For information required by Instruction C to Schedule 13D with respect to the executive officers, directors and/or managers, as applicable, of TRT Holdings, Cresta Investments and Cresta Greenwood, reference is made to Attachments 1, 2 and 3 hereto, each of which is incorporated herein by reference.
Item 4. Purpose of Transaction
Item 4 of the Schedule 13D is hereby amended and supplemented with the following:
On January 25, 2017, the Reporting Persons entered into a letter agreement (the Letter Agreement) with the Issuer and, solely for the limited purposes stated therein, Michael T. Popejoy and Michael Frantz (together, the TRT Nominees). Under the terms of the Letter Agreement, the Issuer agreed to appoint Michael T. Popejoy to the Issuers Board of Directors (the Board) and to take all necessary actions to nominate the TRT Nominees for election to the Board at the Issuers 2017 annual meeting of shareholders (the 2017 Annual Meeting), including, without limitation, nominating, recommending, and including in the Issuers proxy statement the TRT Nominees for election as directors of the Issuer at the 2017 Annual Meeting. The Letter Agreement also provides that the Issuer will not increase the size of the Board to more than seven members prior to the 2017 Annual Meeting. Pursuant to the Letter Agreement at least one of the TRT Nominees will serve on each of the Boards Compensation and Executive Committees until at least the Issuers 2018 annual meeting of shareholders (the 2018 Annual Meeting), and Mr. Popejoy was appointed to the Boards Compensation Committee and Mr. Frantz was appointed to the Boards Executive Committee. If the Reporting Persons and their affiliates beneficially own less than 10% of the outstanding shares of Common Stock, but 5% or more of the outstanding shares of Common Stock, then the Reporting Persons will be entitled to representation on the Board of just one TRT Nominee. If the Reporting Persons and their affiliates beneficially own less than 5% of the outstanding shares of Common Stock, then the Reporting Persons will not be entitled to any representation on the Board.
Pursuant to the Letter Agreement, the Reporting Persons also agreed to certain restrictions that generally remain in effect until the 2017 Annual Meeting, including, among other things, not to (1) propose any shareholder proposal or seek the nomination of any candidate as a director of the Issuer at the 2017 Annual Meeting (other than the TRT Nominees), (2) solicit shareholders of the Issuer with respect to the approval of any shareholder proposal or the nomination or election of any candidate as a director of the Issuer in opposition to the recommendation of the Board, and (3) call or seek to have called any special meeting of shareholders of the Issuer.

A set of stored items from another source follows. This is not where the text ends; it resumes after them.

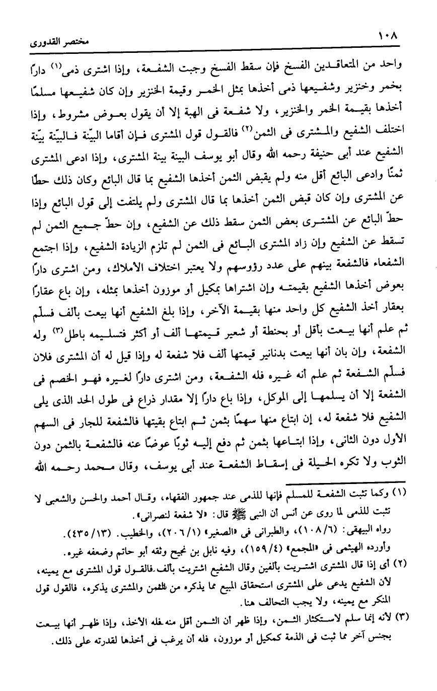 وإذا اشترى ذمي دارا بخمر أو خنزير وشفيعها ذمي أخذها بمثل الخمر وقيمة الخنزير وإن كان شفيعها مسلما أخذها بقمة الخمر والخنزير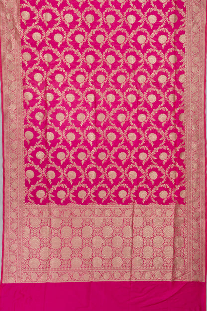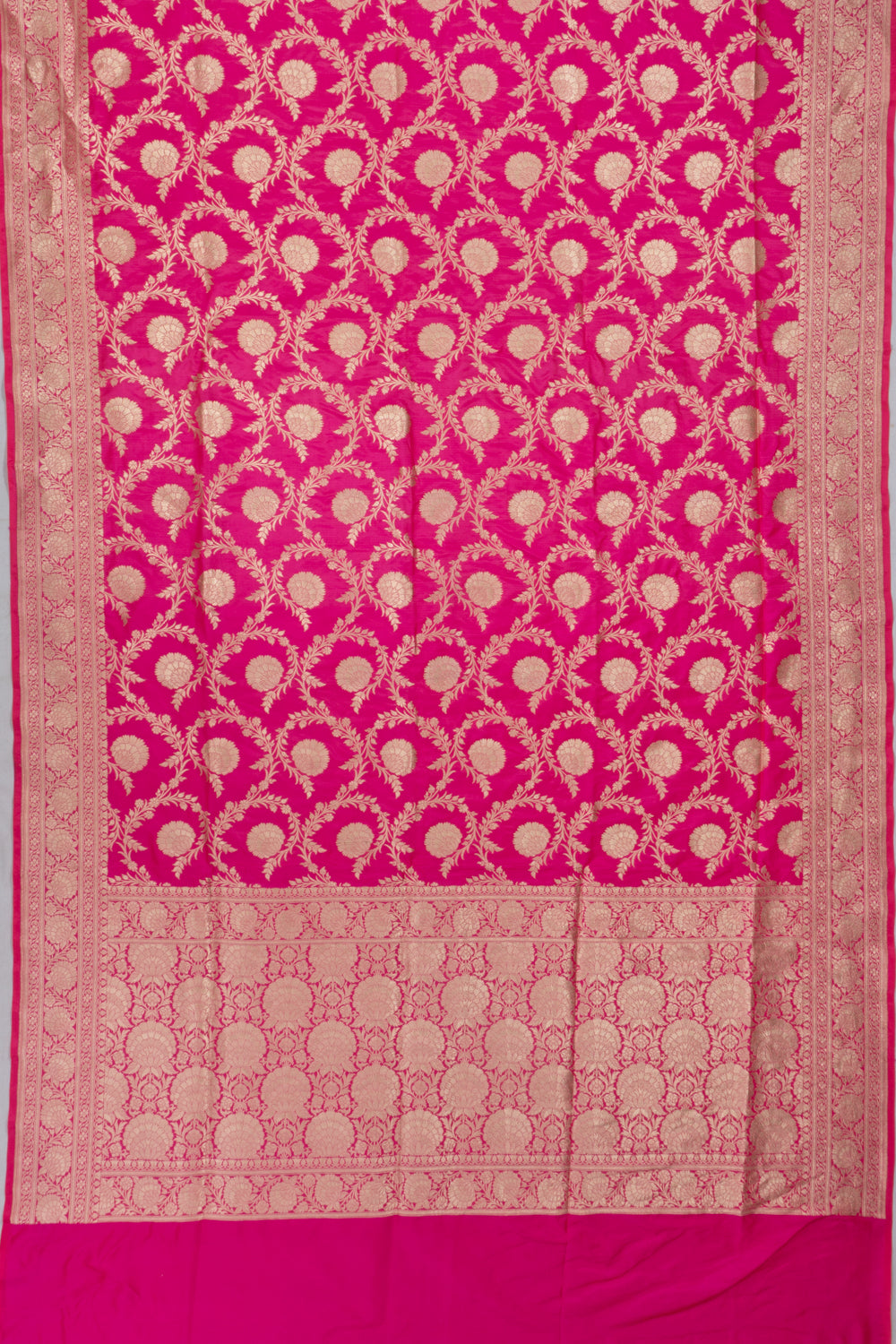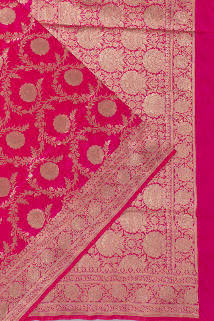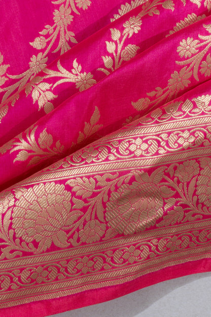 Gold zari floral jaal intricately woven on a vibrant rani pink Silk base, featuring delicate floral motifs that shimmer beautifully.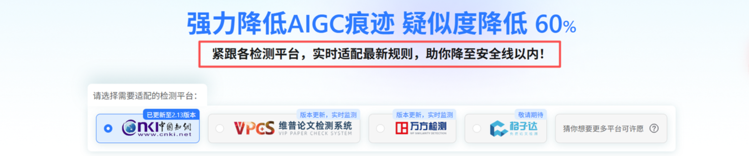 算法适配:针对新版知网和维普的AI检测算法进行了适配。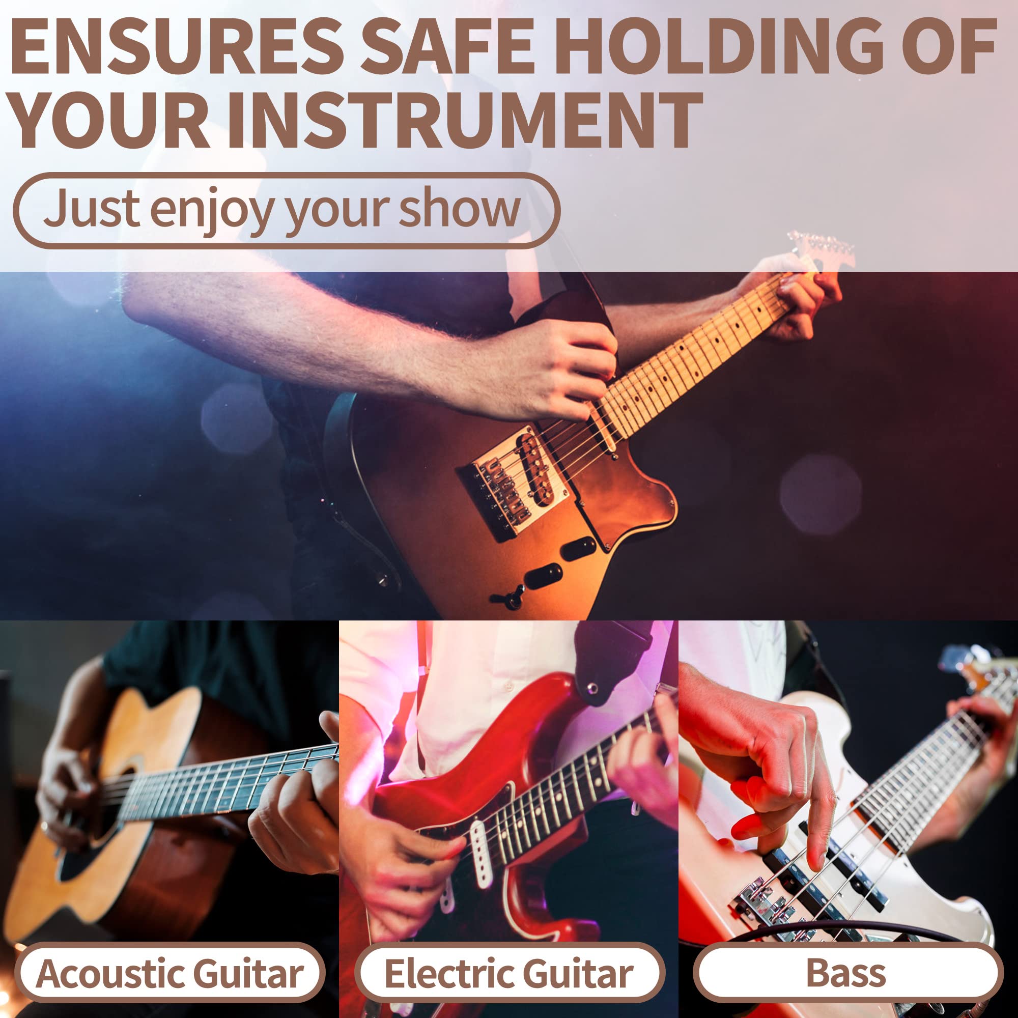【COMPATIBLE WITH ALL GUITARS】A great various application for acoustic guitar strap, electric guitar strap, bass guitar strap, ukulele strap and banjo strap. The guitar strap is adjustable and perfect for men, women and children guitarists.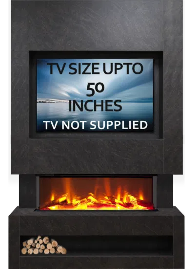 Our pre-built media wall suite is crafted in the UK using premium-grade Egger board finished with Cupria Slate, elegant warm tones of black and copper, its light texture feels natural and looks sophisticated. The media wall suite comes in three easy-to-assemble parts, making installation simple. Our design incorporates a log storage compartment, and a TV recessed compartment with a cut-out rear panel to flush-mount your TV.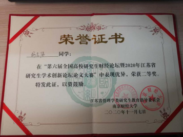 2019级专业学位硕士研究生杨志伟(导师:朱军教授)撰写的论文——《长三角一体化视角下的财政分权与教育均等化研究》,在第六届全国高校研究生财经论坛暨2020年江苏省研究生学术创新论坛论文大赛中荣获二等奖。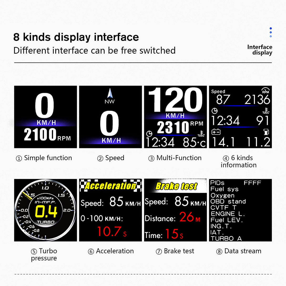2 Kinds Install---Install On A-Pillar Trim Or Put On Dashboard, More Easy For Use. Simply Displays Directly To You At Whatever Angle You Set It Up Is Possible, No Need To Make Effort Or Look Down That Would Create Distractions, Best Assistant To Help Ensure Your Driving Safety.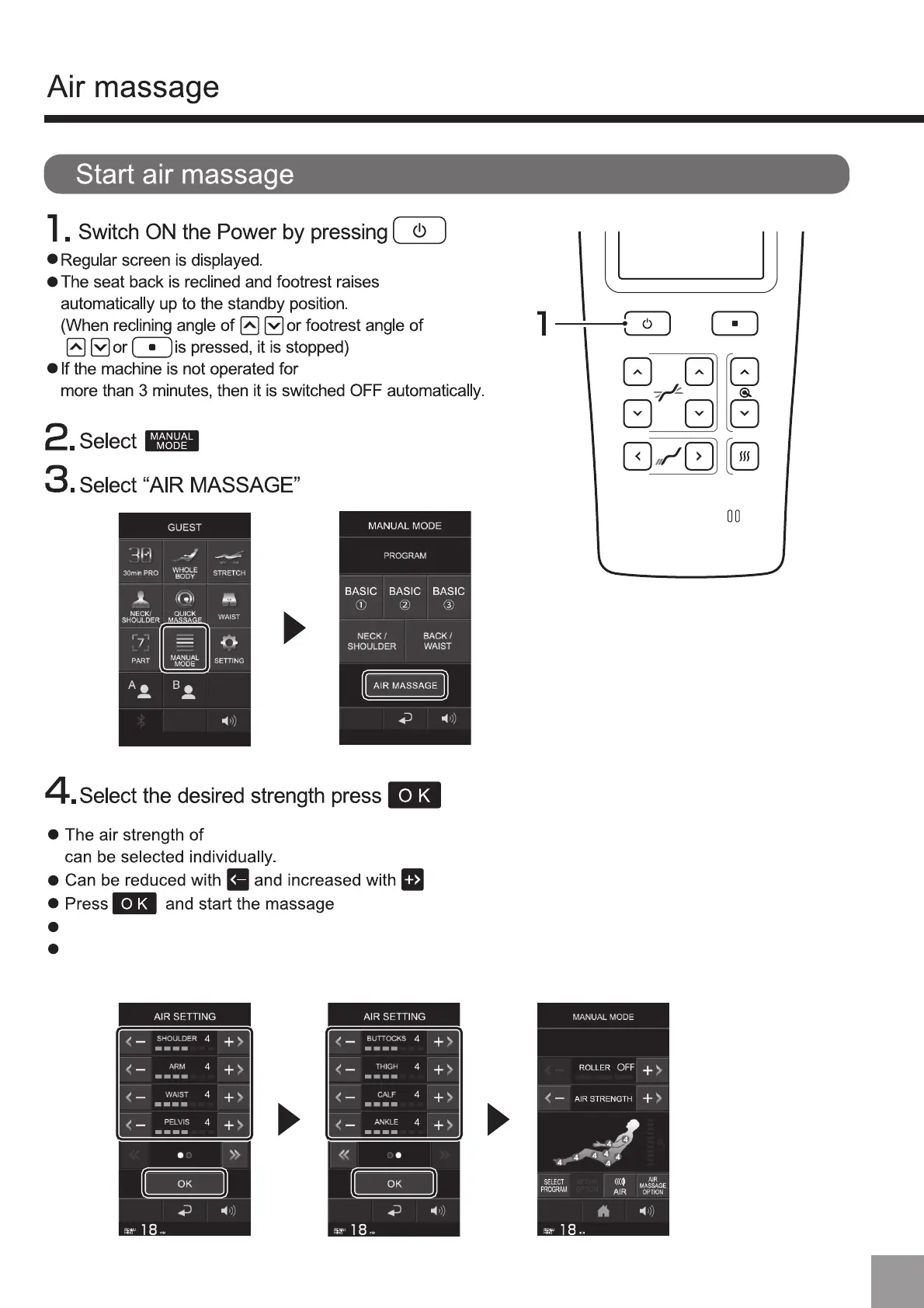 Turn the foot air and foot roller 「off」 and lower the footrest when you want to lower the footrest to

The Letter Agreement further provides that the Reporting Persons will vote all shares of Common Stock that they are entitled to vote at the 2017 Annual Meeting as follows: (1) in favor of the election of each of the Boards nominees for director (including the TRT Nominees), and (2) in accordance with the Boards recommendation with respect to any (i) proposal requesting ratification of the Issuers independent registered public accounting firm, (ii) proposal to approve, on an advisory basis, the compensation of the Issuers named executive officers, and (iii) non-binding shareholder proposal under Section 14a-8 of the Securities Exchange Act of 1934.
The Letter Agreement also provides that until the 2017 Annual Meeting the Issuer and the Reporting Persons will not disparage each other, subject to certain exceptions set forth in the Letter Agreement.
The description of the Letter Agreement set forth above does not purport to be complete and is qualified in its entirety by reference to the Letter Agreement, a copy of which is attached hereto as Exhibit 99.1 and incorporated herein by reference.
6
Item 5. Interest in Securities of the Issuer
Item 5 of the Schedule 13D is hereby amended and supplemented with the following:
(a) At the close of business on January 25, 2017, the Reporting Persons beneficially owned, in the aggregate, 12,461,885 shares of Common Stock, which constitute approximately 19.77% of the class outstanding, of which (i) TRT Holdings beneficially owned the 7,169,741 shares of Common Stock held directly by TRT Holdings, which constitute approximately 11.38% of the class outstanding, (ii) Cresta Investments beneficially owned the 3,947,921 shares of Common Stock held directly by Cresta Investments, which constitute approximately 6.26% of the class outstanding, (iii) Cresta Greenwood beneficially owned the 1,344,223 shares of Common Stock held directly by Cresta Greenwood, which constitute approximately 2.13% of the class outstanding, and (iv) Mr. Rowling beneficially owned all of the 12,461,885 shares of Common Stock held directly by TRT Holdings, Cresta Investments and Cresta Greenwood, which constitute approximately 19.77% of the class outstanding (in each case, based upon 63,029,971 shares of Common Stock outstanding at November 1, 2016, according to the Issuers Quarterly Report on Form 10-Q filed on November 9, 2016). Mr. Rowling beneficially owns the shares of Common Stock held directly by TRT Holdings due to his ownership of all of the shares of Class B Common Stock of TRT Holdings. Mr. Rowling beneficially owns the shares of Common Stock held directly by Cresta Investments and Cresta Greenwood due to his direct and indirect ownership of 100% of the ownership interests in such entities.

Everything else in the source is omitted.